Your objective »
The material below is to be copied exactly from the line with "HPE Rack 36U" up to and including the line with "在宅前庭院,通过三个自然层次", with nothing else kept and no pictures.

Exercise input »
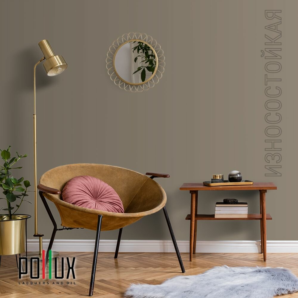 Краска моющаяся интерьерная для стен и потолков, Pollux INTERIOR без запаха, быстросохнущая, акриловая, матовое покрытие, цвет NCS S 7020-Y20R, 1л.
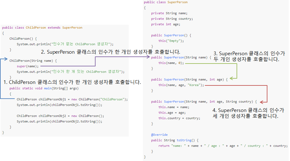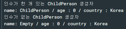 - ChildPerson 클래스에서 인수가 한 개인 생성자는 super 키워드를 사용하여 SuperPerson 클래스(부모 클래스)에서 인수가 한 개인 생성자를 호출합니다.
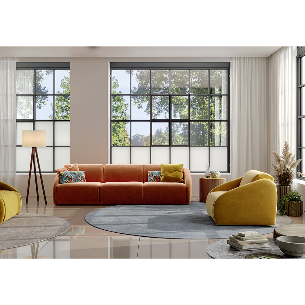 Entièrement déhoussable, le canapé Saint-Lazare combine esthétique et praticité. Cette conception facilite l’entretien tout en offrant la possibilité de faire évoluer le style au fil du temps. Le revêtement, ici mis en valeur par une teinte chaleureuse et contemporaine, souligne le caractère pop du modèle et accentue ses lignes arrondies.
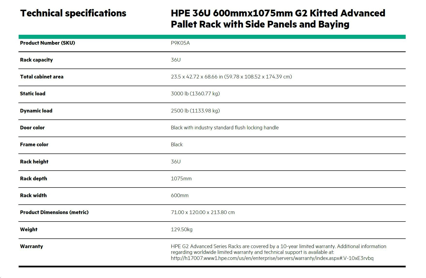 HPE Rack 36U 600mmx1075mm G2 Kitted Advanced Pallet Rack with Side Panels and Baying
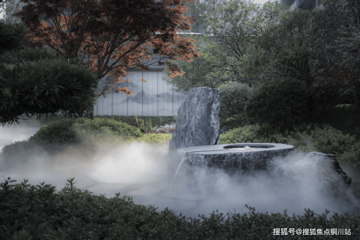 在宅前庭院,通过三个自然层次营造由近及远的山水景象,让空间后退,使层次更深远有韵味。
* * *
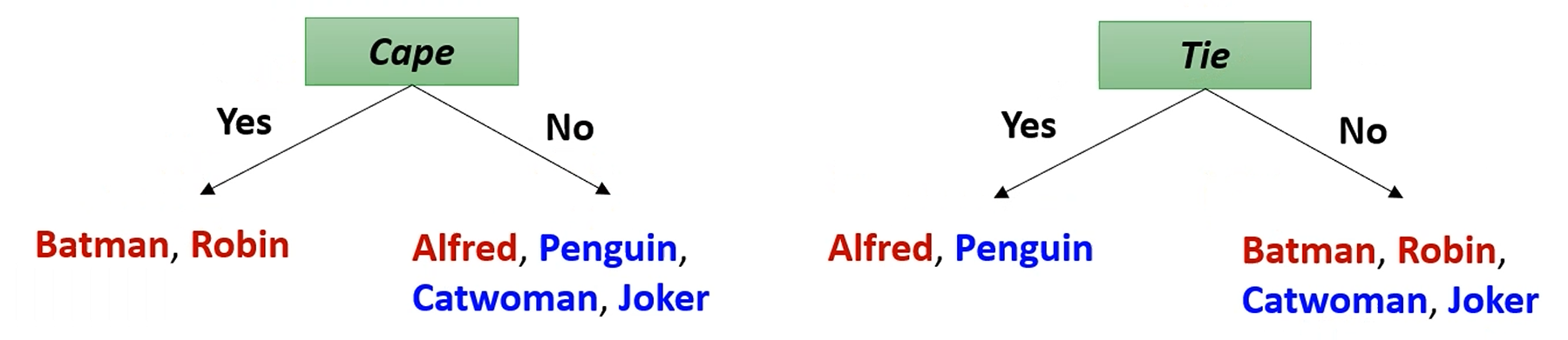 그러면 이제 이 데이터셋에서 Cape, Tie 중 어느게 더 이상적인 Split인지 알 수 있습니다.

Written reply »
 HPE Rack 36U 600mmx1075mm G2 Kitted Advanced Pallet Rack with Side Panels and Baying
 在宅前庭院,通过三个自然层次营造由近及远的山水景象,让空间后退,使层次更深远有韵味。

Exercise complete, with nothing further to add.